Calgary Stampede signs expansion development deal with city partner
The Greatest Outdoor Show on Earth is hoping to kick start its master plan by hooking up with a development agency owned by the City of Calgary.
The Stampede has signed an agreement with the Calgary Municipal Land Corporation (CMLC) to help build out its properties and new projects, Global News learned Friday.
“It would actually be pieces that support not only the events but support the community,” Warren Connell, the CEO of the Calgary Stampede said.
“We are actually talking about the potential for residential being a part of Stampede Park, including retail, whether that’s restaurants, whether that’s shops, that’s all part of the vision, and that’s one of the reasons CMLC can help the Stampede.”
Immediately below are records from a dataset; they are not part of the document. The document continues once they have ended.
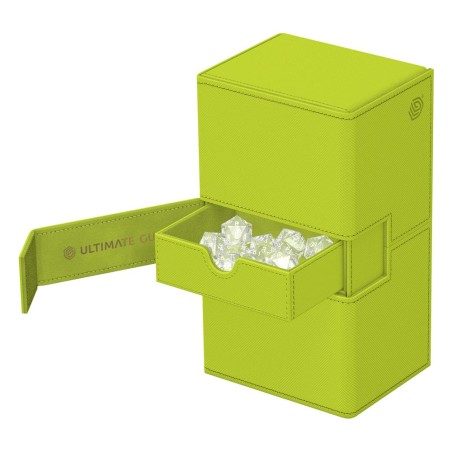 La boîte de deck Twin Flip'n'Tray dispose de deux compartiments accessibles indépendamment l'un de l'autre et dotés d'un intérieur en microfibre de haute qualité pour 100 (en double-sleeve) ou 120 (en simple-sleeve) cartes chacun. De plus, la boîte résistante Xenoskin dispose d'un compartiment amovible pour les accessoires et d'une fermeture magnétique puissante pour garder les cartes Magic : The Gathering, Pokémon, Lorcana, One Piece ou Yu-Gi-Oh ! en sécurité à l'intérieur.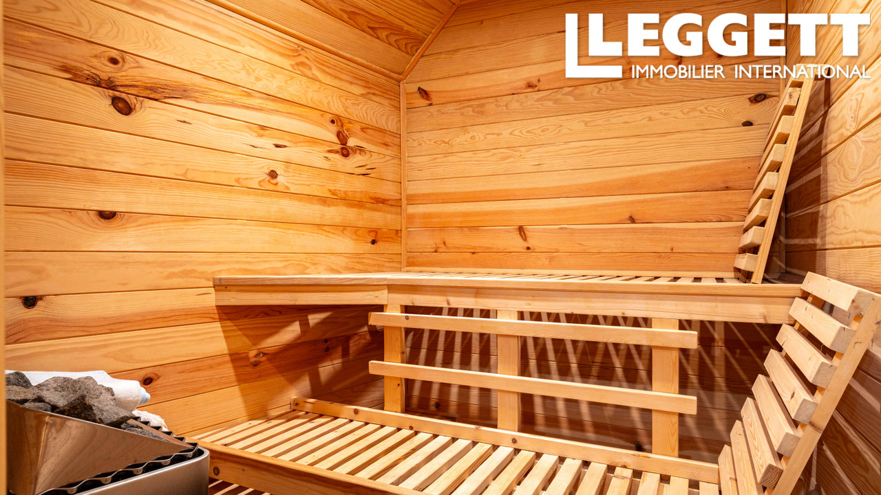 La cuisine-salle à manger s'ouvre sur une magnifique terrasse agrémentée d'un puits, parfaite pour vos repas en plein air. Pour votre bien-être, un sauna privé vous garantit des moments de relaxation inoubliables.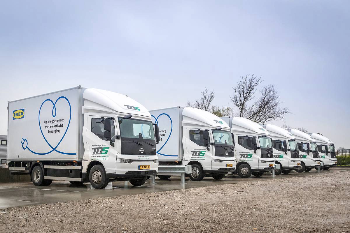 Breda, the Netherlands – Top Delivery Services (TDS) has made a major commitment to emission-free city distribution following the purchase of 10 BYD ETM6 pure-electric eTrucks in collaboration with Bluekens EV, strategic partner and BYD eTruck dealer for the Netherlands. The vehicles will be used specifically for eco-friendly zero-emission delivery services of IKEA in Amsterdam.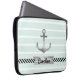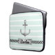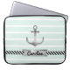 真新しい緑及び白くストライプのな背景の灰色の水彩画のいかりが付いているクールなラップトップスリーブ。 またいかりの下でカスタムな文字とのデザインを個人化できます。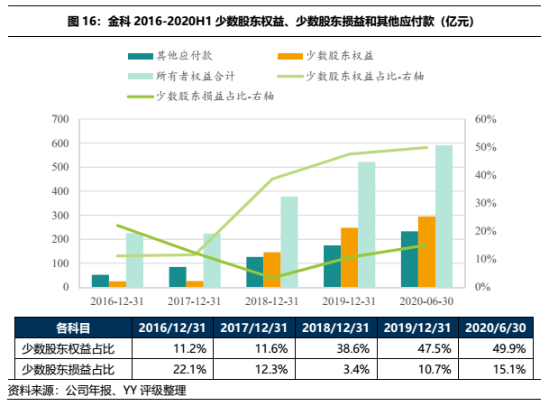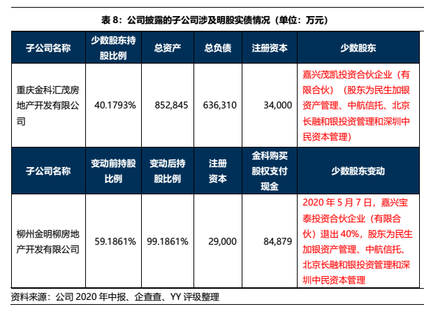 公司2020年中報僅披露了兩家重要的非全資并表子公司,其中金科匯茂的少數(shù)股東為投資合伙企業(yè),涉嫌明股實債,按少數(shù)股東認繳注冊資本測算為1.37億元。其他非全資并表子公司雖未披露,但對本期所有者權(quán)益份額發(fā)生變化的子公司進行追溯,發(fā)現(xiàn)子公司柳州金明柳的少數(shù)股東中有資金方于本期退出,公司為此支付8.49億元現(xiàn)金,疑為回購明股實債,所以可推測公司未披露的子公司中應(yīng)隱藏了更多明股實債情況。
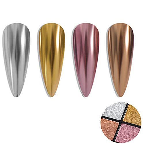 ✿✿ Il Pacchetto Include: 1 Scatola 4 Colori Grande Capacità Cromate Effecto Polveri Per Unghie E Bastoncini Per Ombretti Da 2 Pezzi Per Scavare Le Polveri Per Unghie.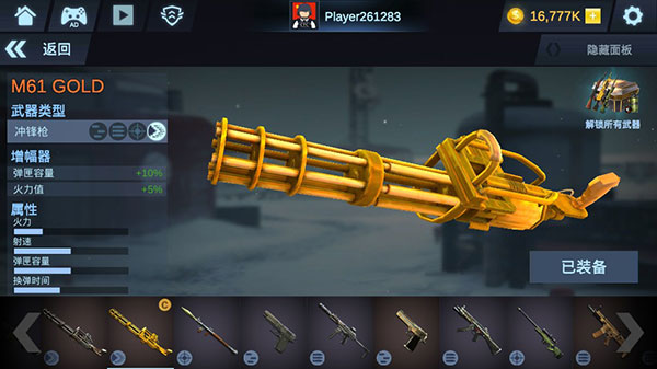 提供20+种现代枪械,包括突击步枪、狙击枪、轻机枪等,每类武器具有独立伤害值、射程、后坐力参数。新增皮肤系统,支持枪械外观自定义。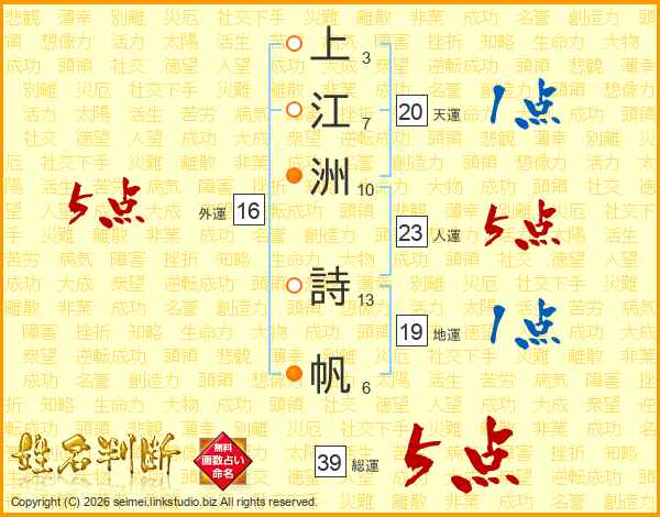 生活面を象徴する運勢です。外部から受ける影響力を表し、結婚運、家庭運や職場、環境への順応性を表します。総運から人運を引いた画数。姓や名が1文字の場合を除く。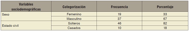 Participaron en el estudio el total de los 56 médicos pasantes de servicio social, pertenecientes a la promoción febrero-enero, con una media de edad de 24, en un rango de 21 a 26 años; 82% estaban solteros y 18% casados (tabla 1).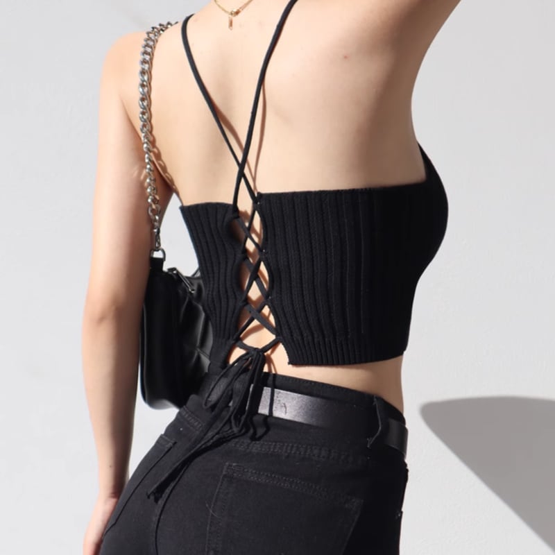 back cross design knit cropped top la1709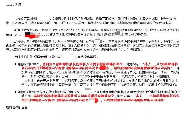 除了他,他还有29名部门同事统一收到公司协商辞退邮件,他们是同一批次入职的。这些邮件如出一辙,辞退理由统一都是:公司业务框架调整。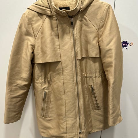 Maastonvihreä Mangon takki kultaisilla yksityiskohdilla ja irroitettavalla pörröisellä karvavuorilla. Menee siis talvitakkina sekä ilman karvaa ohuena kevät-/syystakkina. Siisti kunto koska vähän käytetty.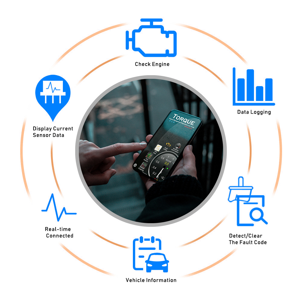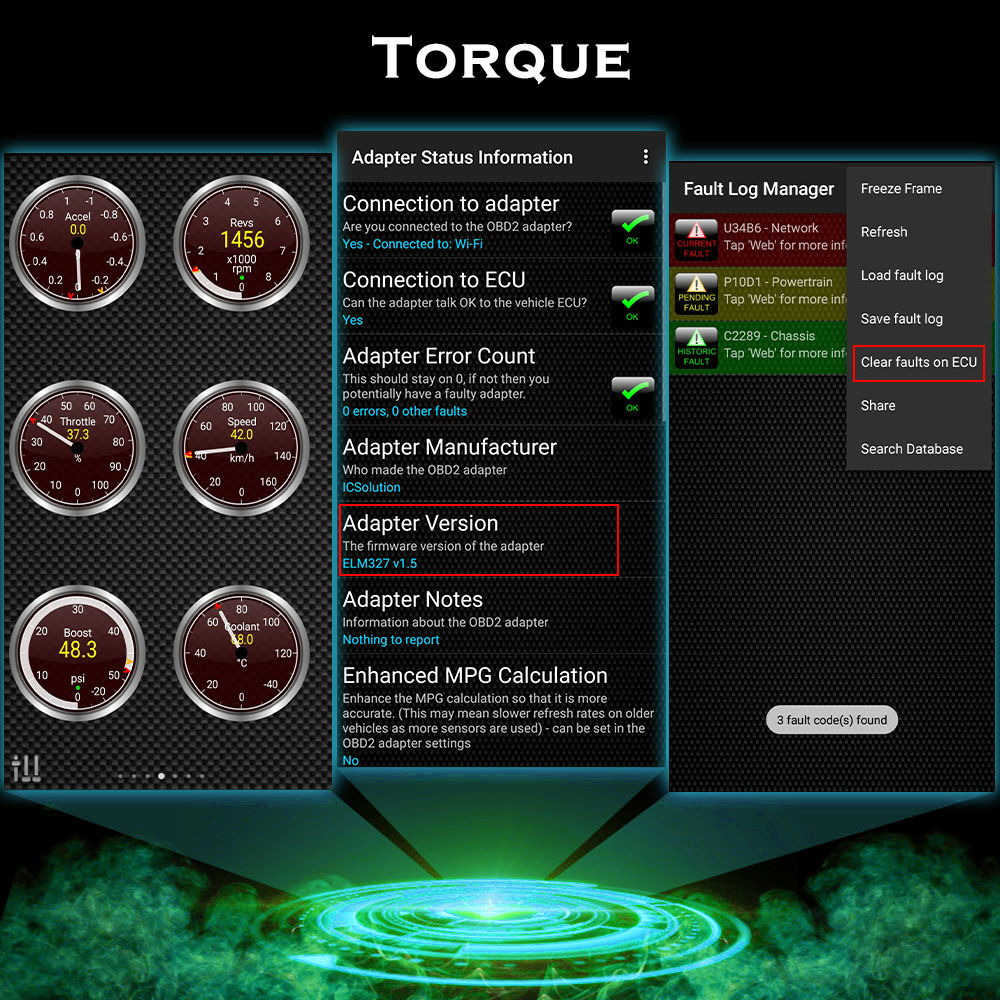 Read diagnostic trouble codes, both generic and manufacturer-specific, and display their meaning (over 3000 generic code definitions in the database).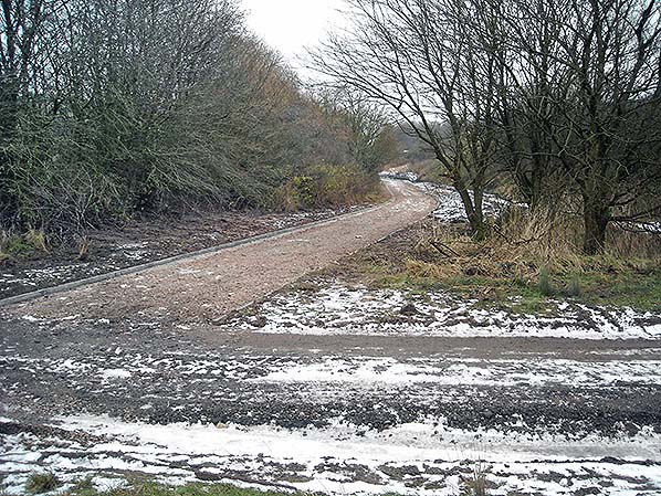 Looking east from the former bridge at Britannia in January 2016 the viewpoint is similar to John Mann’s view of September 1971 above. The cutting has been filled in, the remains of Britannia station have been buried and for some years a path has followed the line of the railway.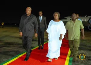 President John Dramani Mahama on Sunday, returned home from the United Nations General Assembly in New York to a warm reception after Ghana secured the adoption of its slavery resolution.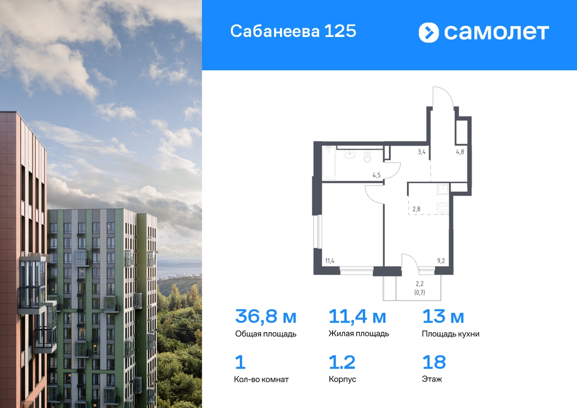 Строим кварталы для жизни с заботой о будущем. Предлагается 1-комнатная квартира комфорт-класса 36,8 кв.м в корпусе 1.2 на 18 этаже, в ЖК «Сабанеева 125» Квартира без отделки. Доступность опции «отделка» и возможность комплектации мебелью и декором уточняйте у застройщика. Приобрести квартиру возможно по специальным акциям от застройщика, с текущими условиями акций можно ознакомиться в блоке «Акций». Цена динамическая и может отличаться, уточняйте актуальность у застройщика. В жилом комплексе «Сабанеева 125» вы ежедневно будете наслаждаться видами сопок. Холмистый рельеф защищает территорию от ветра. Комплекс расположен в Первореченском районе Владивостока, всего в 20 минутах на машине до центра города. На первых этажах откроются супермаркеты, кафе и пекарни. Для малышей — детский сад в 2 минутах пешком и школа в 10 минутах. За 6 минут можно доехать до Нагорного парка, а за 15 минут — до набережной Цесаревича с панорамой Золотого моста. Комплекс состоит из 3 монолитных домов высотой 25 этажей с фасадами, дизайн которых вдохновлен птицами Дальнего Востока. Дворы оформлены как сад с дальневосточной флорой, есть смотровые площадки, скалодром, перголы и игровые зоны для детей. Подземный паркинг — трехуровневый. В сквозные подъезды без ступеней и с помещением для колясок удобно заходить. В жилом комплексе «Сабанеева 125» есть квартиры с индивидуальными зелеными террасами, увеличенными окнами и панорамными балконами для чаепитий с видом на сопки и залив.#yan19-2r1669933#О застройщике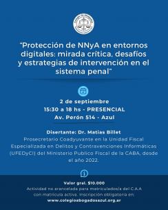 El Colegio organizó una charla sobre protección de NNyA en entornos digitalesSe trata de un encuentro que estará a cargo del Dr. Matías Billet, quien se desempeña como Prosecretario Coadyuvante de la Unidad Fiscal Especializada en Delitos y Contravenciones informáticas del Ministerio Público Fiscal de CABA. Se realizará en la Sede del Colegio el 2 de septiembre a las 15.30 hs. LEER MÁS |

CMLC president and CEO Michael Brown said it’s taken a year to get to the point of signing a memorandum of understanding (MOU), after realizing they have a ‘common vision’ for the east side of downtown.
“The Stampede runs a great park, great activities. What CMLC is really good at is the development side,” Brown said.
“So we’re going to work with the Stampede and some of their partners, saying, ‘how can we actually help them more quickly realize their master plan?’ Things like Stampede Trail, (along the Park’s north entrance) are there things we can do to move that along a little faster? The Ramsay Exchange, Erlton station, there’s all these opportunities within the east side of downtown that we’re going to be working with the Stampede on,” he added.
Brown said part of the master plan for Stampede is also an expansion of the BMO Centre—which he hopes would attract investment.
“Once we can confirm in terms of where that organization is going, in terms of the BMO Centre, I’m going to quickly start talking to hoteliers and talking to other developers, and say, ‘look at the investment the city is making into this property –this is a great opportunity for you.’ I think that’s the kind of thinking by us working together that we can get to.”
Brown said CMLC’s job is to look at the dollars and cents, schedules, and how to build a plan.
“Then we’ll present it to them and they’ll say, ‘this makes sense or it doesn’t make sense,’” he said. “At the end of the day, it is their land, it’s their community. But we think we can be a huge agent for change within that area.”